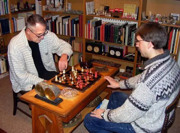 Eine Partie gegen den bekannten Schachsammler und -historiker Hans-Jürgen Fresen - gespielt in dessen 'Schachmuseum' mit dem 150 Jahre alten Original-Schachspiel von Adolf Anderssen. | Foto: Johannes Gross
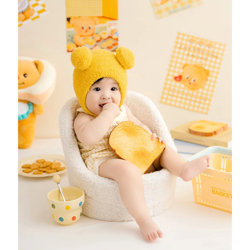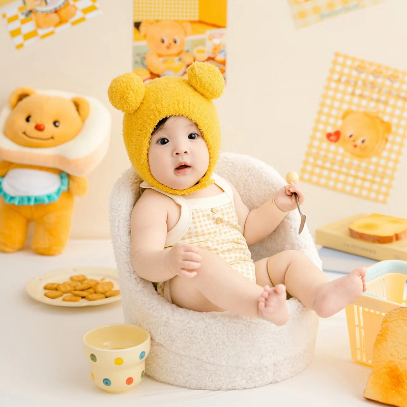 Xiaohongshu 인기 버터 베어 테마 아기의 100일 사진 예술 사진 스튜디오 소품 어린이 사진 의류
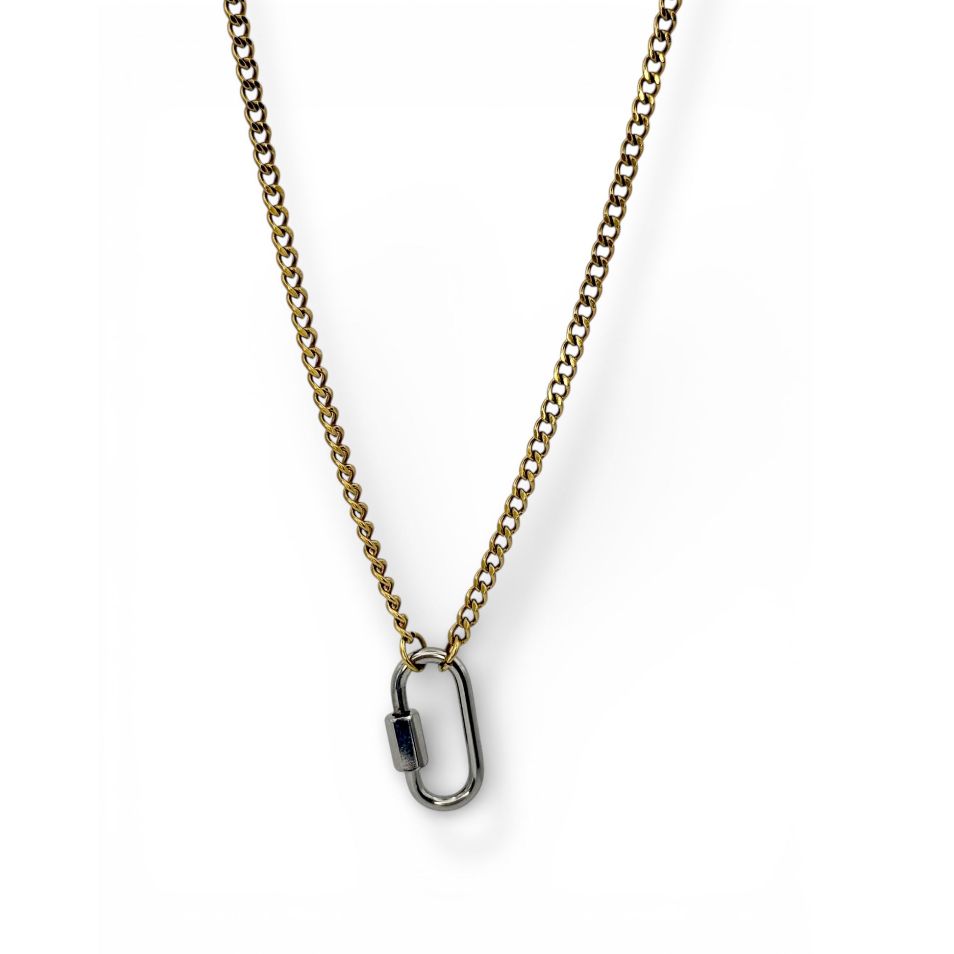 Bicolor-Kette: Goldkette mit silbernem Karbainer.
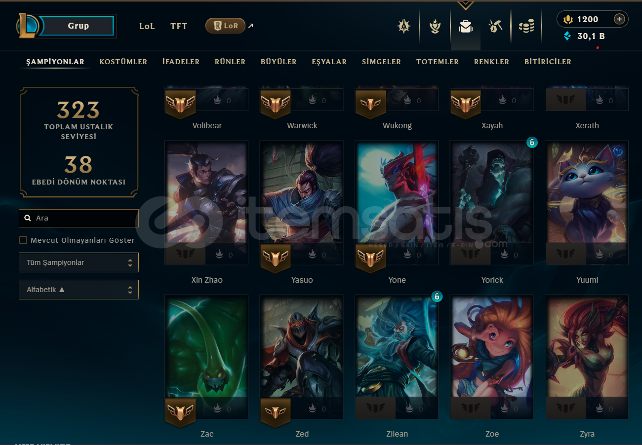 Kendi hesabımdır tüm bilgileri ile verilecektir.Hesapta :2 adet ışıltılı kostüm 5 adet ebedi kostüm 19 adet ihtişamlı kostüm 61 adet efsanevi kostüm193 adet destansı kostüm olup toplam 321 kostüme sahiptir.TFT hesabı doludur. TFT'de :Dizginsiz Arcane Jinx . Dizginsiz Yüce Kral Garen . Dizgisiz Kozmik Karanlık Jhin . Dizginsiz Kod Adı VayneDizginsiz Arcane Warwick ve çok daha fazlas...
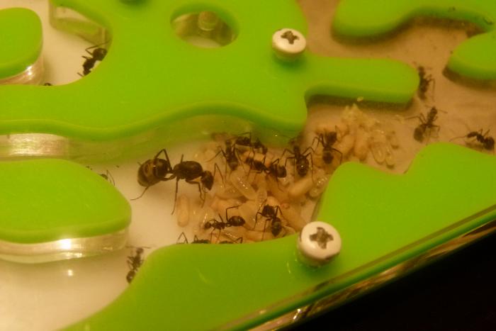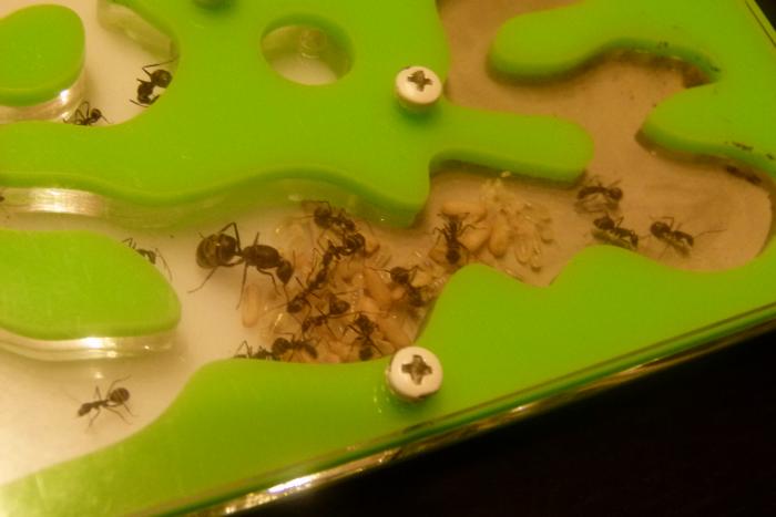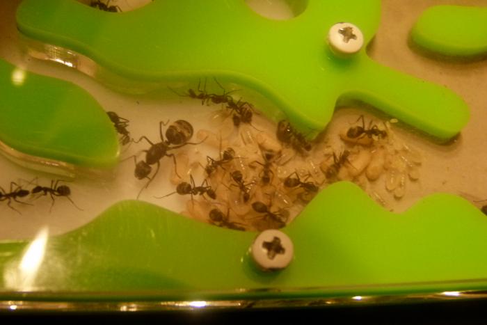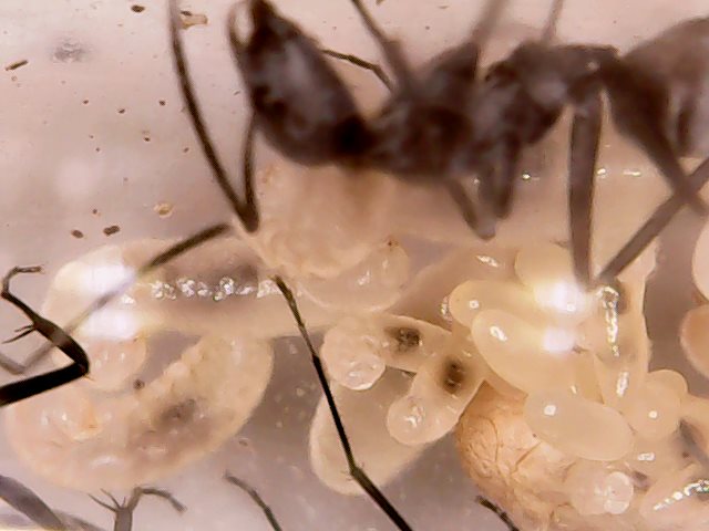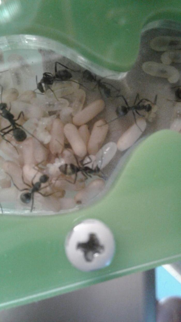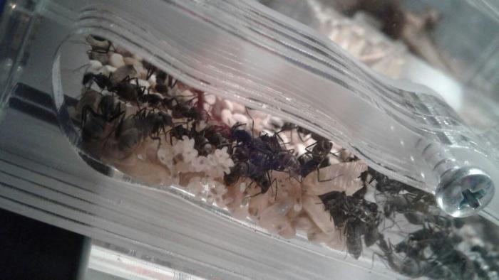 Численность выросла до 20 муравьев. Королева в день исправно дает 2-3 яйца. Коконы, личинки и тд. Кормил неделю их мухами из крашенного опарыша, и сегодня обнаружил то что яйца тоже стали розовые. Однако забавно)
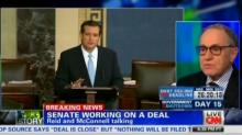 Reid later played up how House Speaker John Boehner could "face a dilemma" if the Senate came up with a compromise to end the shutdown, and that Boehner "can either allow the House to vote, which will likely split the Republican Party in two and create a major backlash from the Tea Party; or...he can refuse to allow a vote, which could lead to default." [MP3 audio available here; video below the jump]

* * *

_Try it_.
Word for word, copy the lines from the one with "Kendi hesabımdır tüm" through the end of the entries above, and do not include any picture.

_Reply to the task_.
 Kendi hesabımdır tüm bilgileri ile verilecektir.Hesapta :2 adet ışıltılı kostüm 5 adet ebedi kostüm 19 adet ihtişamlı kostüm 61 adet efsanevi kostüm193 adet destansı kostüm olup toplam 321 kostüme sahiptir.TFT hesabı doludur. TFT'de :Dizginsiz Arcane Jinx . Dizginsiz Yüce Kral Garen . Dizgisiz Kozmik Karanlık Jhin . Dizginsiz Kod Adı VayneDizginsiz Arcane Warwick ve çok daha fazlas...
 Численность выросла до 20 муравьев. Королева в день исправно дает 2-3 яйца. Коконы, личинки и тд. Кормил неделю их мухами из крашенного опарыша, и сегодня обнаружил то что яйца тоже стали розовые. Однако забавно)
 Reid later played up how House Speaker John Boehner could "face a dilemma" if the Senate came up with a compromise to end the shutdown, and that Boehner "can either allow the House to vote, which will likely split the Republican Party in two and create a major backlash from the Tea Party; or...he can refuse to allow a vote, which could lead to default." [MP3 audio available here; video below the jump]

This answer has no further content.